Thursday, May 13, 2021

A Mother's Day Tale: Fighting for the American Dream

                                                                               

The Dream Maker

    My mother told me she and my father married after the war, in 1946. It wasn't an easy time. Many of their relatives and friends didn't return from Europe or the Pacific, kids like Nick Villa, Trini Hernandez, Chava Guajardo. Their Japanese friends were returning from relocation camps, after losing everything. Families had to find a way forward.

    My parents moved in with my father’s family, who lived in West Los Angeles, two blocks from the railroad tracks, off Sepulveda and Santa Monica boulevards, where many immigrant families settled, taking up residence in wood shacks and old frame homes scattered among the warehouses that lined the tracks.

     When employment in the area was slow, a man could always find temporary, back-breaking work, loading and unloading cargo, or working in the packing sheds near the railroads, nothing desirable but better than starving.

     Today, most of the old neighborhood shacks and dirt lots have vanished, giving way to the 405 freeway at trendy Santa Monica Boulevard, or to apartments, condos, high tech companies, dog grooming businesses, and an assortment of companies, some suspiciously anonymous, no names on the doors or buildings.

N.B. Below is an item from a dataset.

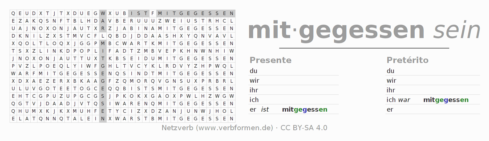 Com o caça-palavras aprende-se de uma forma desafiadora a conjugação do verbo mitessen.

     At the time, it was considered the heart of the old neighborhood, a mixture of Mexican, Japanese, and migrants from Oklahoma and Arkansas. According to my mother, her new neighborhood “was not a good arrangement.” 

     People lived in shacks facing dusty, dirt alleys. You could hear the trains all day long. To her, it seemed people were piled on top of each other. “Everybody was there, living in your grandparents’ house," she recalled, "your dad’s sisters and their kids, his brothers, grown men, and their kids. It was a mad house. Nobody seemed to work steadily." Some barrios just can't be romanticized..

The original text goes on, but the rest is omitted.